My third, and most complex blob, is a ring buffer blob. This blob does no memory allocation and does not own the memory, but keeps track of a read and write pointer inside the buffer. It has the same Append method as the growing blob. It adds an analogous Consume routine.
A ring buffer, while simple, is not as simple as a linear chunk of memory. Both appending and consuming from a ring buffer must handle the case when the pointer must wrap from the end of the buffer to the beginning. There are also many choices on how to implement a circular buffer
This blob is starting to feel kind of heavy, isn’t it? What if you want to read some data without removing it from the blob or if you just want to append in small chunks and then atomically adjust the write pointer? A good abstraction will always get out of the way and let you, the one with the brain, the programmer, dig inside it’s guts. My ring blob offers that in spades. You can access the read and write pointer through a template function like the above GetPtr<T>. But, what about the discontinuous point at the end of the buffer? You can query for the consecutive amount of bytes each pointer has before it will wrap around back to the beginning, allowing you to split your direct reads and writes around the end of the buffer. You can Peek into the buffer and later Skip those bytes. You can write into the buffer and then MoveWriterPointer over what you wrote.

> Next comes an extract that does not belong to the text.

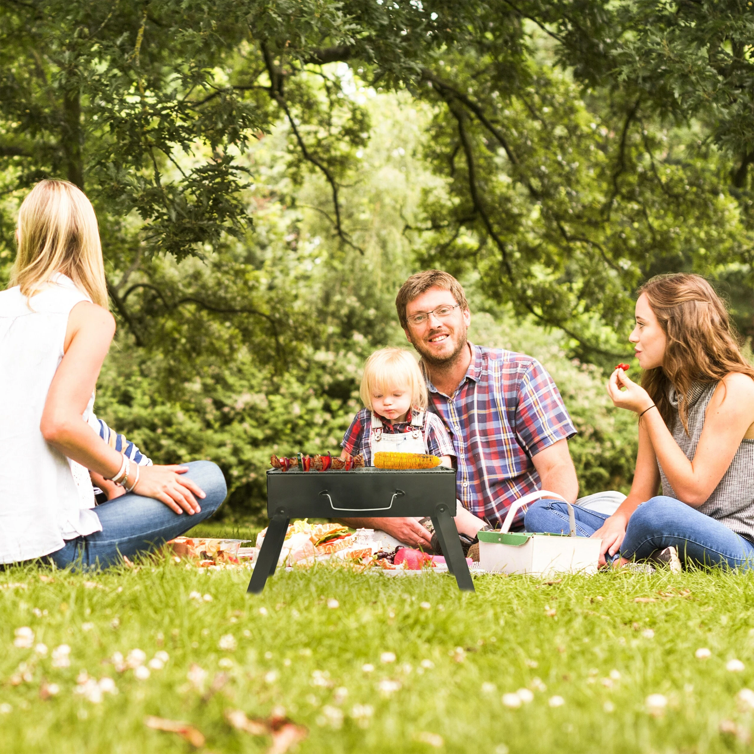 Ob beim Camping oder auf dem Festival, der tragbare Klappgrill bringt überall schnellen Grillgenuss.

I use the ring blob primarily as a message passing pipe. One part of my system writes messages with the following header:
struct MsgHeader { uint8_t op_code; uint16_t payload_length; }; |
While another part of the system consumes those messages and reacts to each op code and payload. This avoids the coupling together of two different modules in my code, allowing a module to be completely replaced without impacting the rest of the code base so long as it still responds to the same messages.
The ring blob is great, but it is heavy and I found I wanted something simpler. Also, the ring blob did not work well when dealing network streams and native socket APIs. So, the final blob I use, I call the ‘Append & Chop’ buffer. This blob keeps track of an append pointer and offers the above Append method. The Chop method could also be thought of as a shift operation. When you’re done with the beginning of the buffer you Chop it off and shift all the memory down. Because this blob’s memory is continuous within the region it works better with network stream APIs and is generally simpler.

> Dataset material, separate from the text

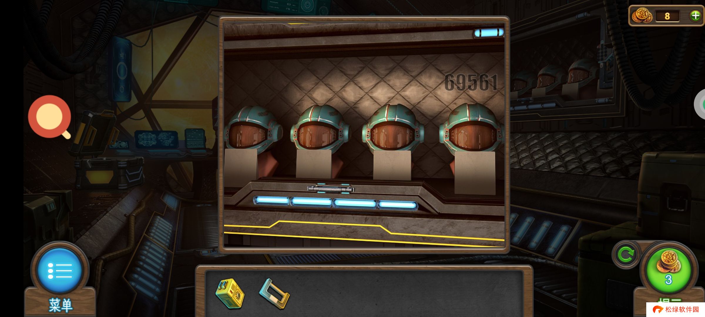 进入飞机,❶红圈1处用扫描器扫描,得到:带数据的扫描器。❷红圈2处用零件,完成小游戏,得到:把手。右上角数字69561记一下。

I want to say something about implementing blobs that also applies to programming in general. Separate your memory allocation policy from your algorithm code. A higher level module should be used to glue the two together in the most optimal way. It always troubles me to see modules that allocate their own memory, restricting programmer freedom to pass in a pointer from inside a blob or on the stack. This is another form of coupling, and coupling sucks.
Another implementation note is that although these blobs share subsets of each others APIs, I don’t use inheritance or virtual methods. This avoids all of that unnecessary shit overhead. But, because the syntax of calling the methods is shared across blob types, I can still swap out the type of blob being used and have minimal impact on existing code.
I also have functions that read from one blob and write into another.
I love my blobs. They’ve become a core part of my technology and the freedom of not being tied to C/C++’s type system and structure layout algorithms is very liberating. What do your blob abstractions look like? By including small descriptive headers (see MsgHeader) you can describe the data inside the blob for the module using it. This gives us a very simple type system. Have you experimented with a more sophisticated blob type system than an op (or type) code followed by a length field?